Gotoh Kensei, Ito Yoshinori, Suzuki Eitaro, Kaneko Kenitiro, Kiuchi Tetsuya, Ando Hisami, Kimura Hiroshi
Department of Pediatrics, Nagoya University Graduate School of Medicine, Showa-ku, Nagoya, Japan.
Pediatr Transplant. 2011 Feb;15(1):112-6. doi: 10.1111/j.1399-3046.2010.01420.x. Epub 2010 Nov 26.

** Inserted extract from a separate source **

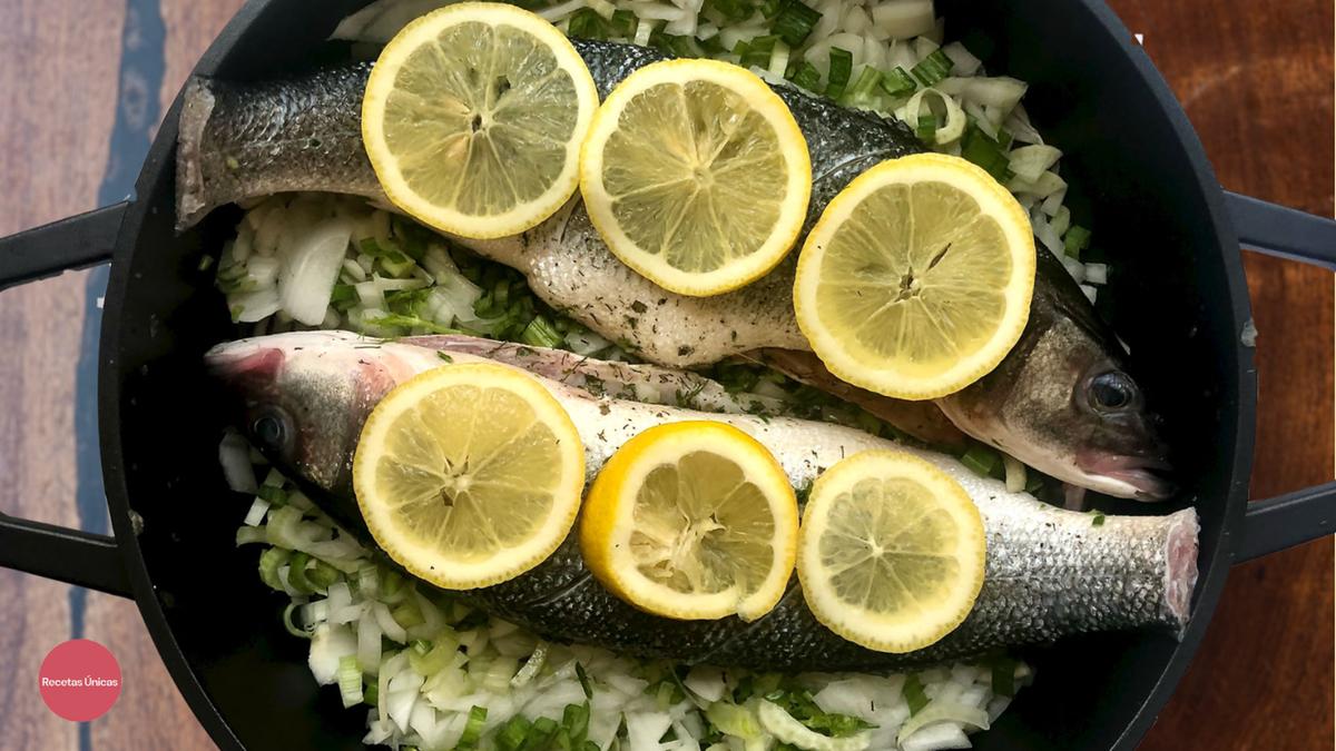 Limpiar las lubinas dejando las cabezas y hacer dos cortes superficiales en la piel por ambos lados. También se puede pedir en la pescadería que las preparen de esta forma.

Annual influenza vaccination is recommended for pediatric liver transplant recipients, who are at high risk of influenza-related complications. However, effectiveness and safety of vaccination may differ among influenza seasons in this population and have not been fully evaluated. Subjects comprised 38 pediatric liver transplant recipients with or without influenza vaccination through the 2006-2007, 2007-2008 and 2008-2009 influenza seasons. Recipients received inactivated trivalent (AH1/AH3/B) influenza vaccine, and comparisons were made to non-vaccinated recipients with regard to effectiveness and safety. No significant differences were seen between recipient groups for acute allograft rejection, acute febrile illness, or influenza virus infection. No serious systemic adverse events were observed in vaccinated recipients. Seroprotection rate (defined as the proportion of recipients with HI antibody titer ≥ 1:40), seroconversion rate (proportion of recipients with a ≥ 4-fold increase in HI titers), and geometric mean titers were mostly elevated after vaccination for the three influenza antigens in each season. These three indicators of immunogenicity showed similar results in both vaccinated recipients and vaccinated healthy children in the 2007-2008 season. These findings suggest that pediatric liver transplant patients may respond safely to inactivated seasonal influenza vaccines in a similar manner to healthy children, and effectiveness varies among influenza seasons.
建议对小儿肝移植受者进行年度流感疫苗接种,他们有发生流感相关并发症的高风险。然而,该人群中疫苗接种的有效性和安全性在不同流感季节可能有所不同,且尚未得到充分评估。研究对象包括38名在2006 - 2007、2007 - 2008和2008 - 2009流感季节接种或未接种流感疫苗的小儿肝移植受者。受者接种了三价灭活(AH1/AH3/B)流感疫苗,并就有效性和安全性与未接种疫苗的受者进行了比较。在急性移植物排斥、急性发热性疾病或流感病毒感染方面,受者组之间未观察到显著差异。在接种疫苗的受者中未观察到严重的全身不良事件。血清保护率(定义为血凝抑制(HI)抗体滴度≥1:40的受者比例)、血清转化率(HI滴度增加≥4倍的受者比例)和几何平均滴度在每个季节接种三种流感抗原疫苗后大多有所升高。在2007 - 2008季节,这三种免疫原性指标在接种疫苗的受者和接种疫苗的健康儿童中显示出相似的结果。这些发现表明,小儿肝移植患者对季节性灭活流感疫苗的反应可能与健康儿童相似且安全,并且有效性在不同流感季节有所不同。